Re: [RFC PATCH 10/10] mm/swap: optimize synchronous swapin

linux-mm.kvack.org archive mirror
 help / color / mirror / Atom feed

From: "Huang, Ying" <ying.huang@intel.com>
To: Kairui Song <ryncsn@gmail.com>
Cc: linux-mm@kvack.org,  Chris Li <chrisl@kernel.org>,
	 Minchan Kim <minchan@kernel.org>,
	 Barry Song <v-songbaohua@oppo.com>,
	 Ryan Roberts <ryan.roberts@arm.com>,
	 Yu Zhao <yuzhao@google.com>,  SeongJae Park <sj@kernel.org>,
	 David Hildenbrand <david@redhat.com>,
	 Yosry Ahmed <yosryahmed@google.com>,
	 Johannes Weiner <hannes@cmpxchg.org>,
	 Matthew Wilcox <willy@infradead.org>,
	 Nhat Pham <nphamcs@gmail.com>,
	 Chengming Zhou <zhouchengming@bytedance.com>,
	 Andrew Morton <akpm@linux-foundation.org>,
	 linux-kernel@vger.kernel.org
Subject: Re: [RFC PATCH 10/10] mm/swap: optimize synchronous swapin
Date: Wed, 27 Mar 2024 16:16:30 +0800	[thread overview]
Message-ID: <87il18m6n5.fsf@yhuang6-desk2.ccr.corp.intel.com> (raw)
In-Reply-To: <CAMgjq7D9-6JXOzpd18t8MSBAotHgEG2YZbi4efNkJiwiSJyJmw@mail.gmail.com> (Kairui Song's message of "Wed, 27 Mar 2024 15:14:03 +0800")

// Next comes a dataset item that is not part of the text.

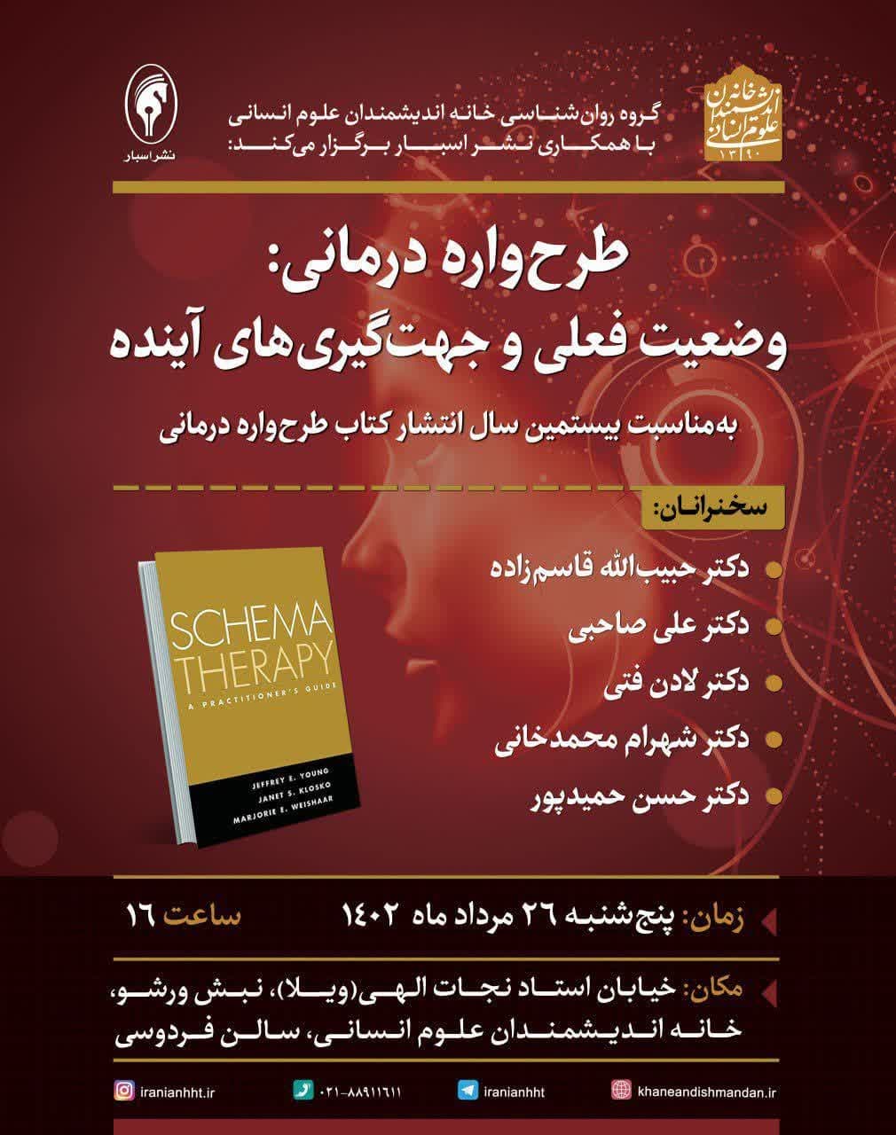 به گزارش روابط عمومی خانه اندیشمندان علوم انسانی، نشست "طرح واره درمانی: وضعیت فعلی و جهت گیری های آینده" به همت گروه روان شناسی خانه اندیشمندان علوم انسانی و با همکاری نشر اسبار، روز پنج شنبه ۲۶ مرداد ۱۴۰۲ ساعت ۱۶ در سالن فردوسی خانه اندیشمندان علوم انسانی برگزار می شود.

Kairui Song <ryncsn@gmail.com> writes:

> On Wed, Mar 27, 2024 at 2:49 PM Huang, Ying <ying.huang@intel.com> wrote:
>>
>> Kairui Song <ryncsn@gmail.com> writes:
>>
>> > On Wed, Mar 27, 2024 at 2:24 PM Huang, Ying <ying.huang@intel.com> wrote:
>> >>
>> >> Kairui Song <ryncsn@gmail.com> writes:
>> >>
>> >> > From: Kairui Song <kasong@tencent.com>
>> >> >
>> >> > Interestingly the major performance overhead of synchronous is actually
>> >> > from the workingset nodes update, that's because synchronous swap in
>> >>
>> >> If it's the major overhead, why not make it the first optimization?
>> >
>> > This performance issue became much more obvious after doing other
>> > optimizations, and other optimizations are for general swapin not only
>> > for synchronous swapin, that's also how I optimized things step by
>> > step, so I kept my patch order...
>> >
>> > And it is easier to do this after Patch 8/10 which introduces the new
>> > interface for swap cache.
>> >
>> >>
>> >> > keeps adding single folios into a xa_node, making the node no longer
>> >> > a shadow node and have to be removed from shadow_nodes, then remove
>> >> > the folio very shortly and making the node a shadow node again,
>> >> > so it has to add back to the shadow_nodes.
>> >>
>> >> The folio is removed only if should_try_to_free_swap() returns true?
>> >>
>> >> > Mark synchronous swapin folio with a special bit in swap entry embedded
>> >> > in folio->swap, as we still have some usable bits there. Skip workingset
>> >> > node update on insertion of such folio because it will be removed very
>> >> > quickly, and will trigger the update ensuring the workingset info is
>> >> > eventual consensus.
>> >>
>> >> Is this safe?  Is it possible for the shadow node to be reclaimed after
>> >> the folio are added into node and before being removed?
>> >
>> > If a xa node contains any non-shadow entry, it can't be reclaimed,
>> > shadow_lru_isolate will check and skip such nodes in case of race.
>>
>> In shadow_lru_isolate(),
>>
>>         /*
>>          * The nodes should only contain one or more shadow entries,
>>          * no pages, so we expect to be able to remove them all and
>>          * delete and free the empty node afterwards.
>>          */
>>         if (WARN_ON_ONCE(!node->nr_values))
>>                 goto out_invalid;
>>         if (WARN_ON_ONCE(node->count != node->nr_values))
>>                 goto out_invalid;
>>
>> So, this isn't considered normal and will cause warning now.
>
> Yes, I added an exception in this patch:
> -       if (WARN_ON_ONCE(node->count != node->nr_values))
> +       if (WARN_ON_ONCE(node->count != node->nr_values &&
> mapping->host != NULL))
>
> The code is not a good final solution, but the idea might not be that
> bad, list_lru provides many operations like LRU_ROTATE, we can even
> lazy remove all the nodes as a general optimization, or add a
> threshold for adding/removing a node from LRU.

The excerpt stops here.